Christopher Nolan’s Oppenheimer was a film I admired greatly and enjoyed a lot. I saw it a few times in the cinemas, and thought the cinematography, technicality and direction were excellent.

That said, I rarely have thought about it since. What I have thought about though, is a line uttered by Oppenheimer:

“Only a fool or a child presumes to know someone else’s relationship”.

As social creatures, to whom social cohesion and stability is important, we constantly are keeping track of others’ relationships. It is essential for our social standing, relationship preservation, and ultimately survival, to have a complex understanding of others’ interpersonal relationships. Incomprehensibly subtle and almost entirely subconscious, we track infinite patterns of behaviour.
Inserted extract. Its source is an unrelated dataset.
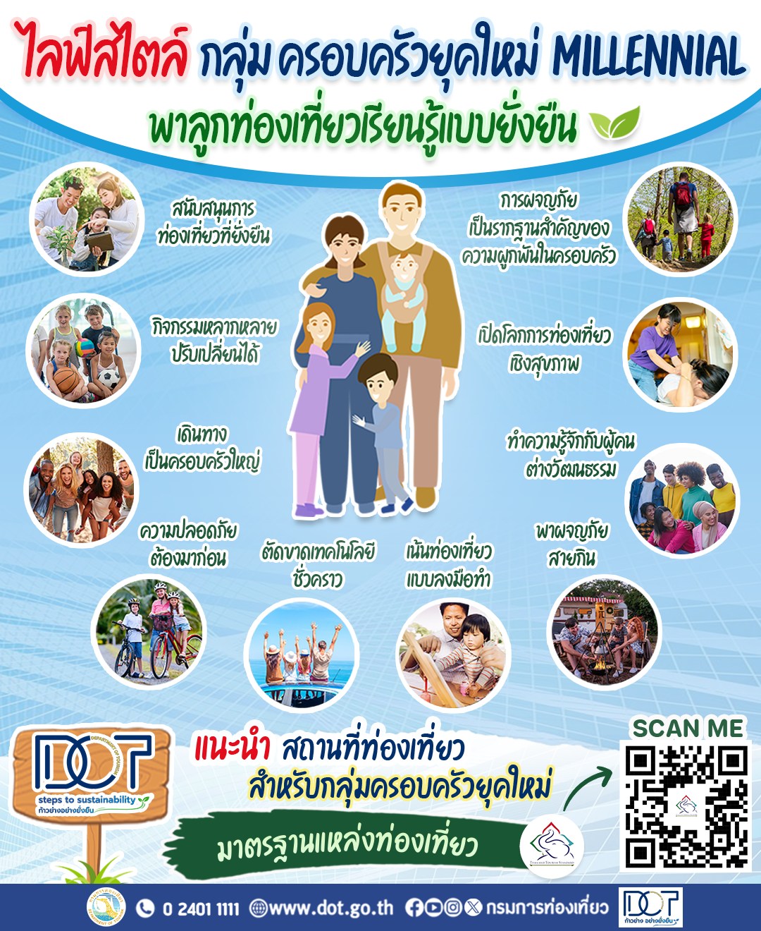 กรมการท่องเที่ยว แนะนำไลฟ์สไตล์ กลุ่มครอบครัว Millennial พาลูกเที่ยวเรียนรู้แบบยั่งยืน โดยมีแนวโน้มและความคาดหวังจากการพาลูกท่องเที่ยว จากปัจจัย 10 ประการ ดังนี้

Are two of my closest friends on the verge of falling out with each other? Does my cousin have a good relationship with their dad? Is the relationship between my partner and their friend entirely platonic? And is my parents’ marriage in a healthy and solid place?

This instinct is predictive and anticipatory. It provides clues as to how our own relationships will develop. It provides insight into the potential kindling of emotional damage, as well as avenues of growth and health. It helps us put out fires, both our own and others’, before they have even started to visibly smoke.

This instinct is also empathetic and compassionate. It forms a key piece of our emotional toolkit, enabling us to be more receptive to the needs of those we love. In having a vague sense of others’ shifting relational tides, we can understand them more deeply and share with them greater understanding.

But it is also deceptive. The step from trying to understand others’ relationships, for the above purposes, to believing you know others’ relationships is a very short one.

Oppenheimer’s quote struck me directly, as it proved a provocation, a challenge. In believing that I know two people, I have often believed that in turn I know their relationship. I have spent much of my life acting in this way, if not consciously thinking it.

Does this make me a fool or a child? I may be too old to admit the latter, and too proud to admit the former. But the answer was probably both.

We can never truly know the mind of another. I know my brothers more intimately than I have probably ever known anyone. But there exists an infinite ocean of experience, thought, feeling and belief within their skull-sized kingdoms that I will never know.

A true knowledge of another is thus impossible – instead, it is an approximation of understanding. If we cannot know the minds of other singular people, how on earth can we begin to think we know the melting collision of two?

We have no idea of the shapes of the jigsaw pieces that slot into each other, of the curled talons which scratch the deepest parts of one’s grounded being. This gap between estimation and true knowledge cannot be filled by hubristic assumption. It must be filled instead by compassionate acceptance and an embracing of ignorance.

Indeed, we can never really know our own relationships. Instead, they are a constant process of co-emergent discovery, of which we are both witness and participant.

Your subconscious brain will whir and compute the relationships of others, regardless of your intervention. We must try to relax the conviction with which we believe we know relationships of others, as well as the relationships of our own.

When giving advice on others’ relationships, try to maintain an appreciation for our near total ignorance. Listen and explore, instead of imprinting and mediating. Be a sounding board, rather than a voice.

Perhaps in embracing this humility, we move away from foolishness and childishness toward something wiser—a recognition that the mystery of human connection lies so far beyond our simple powers of comprehension.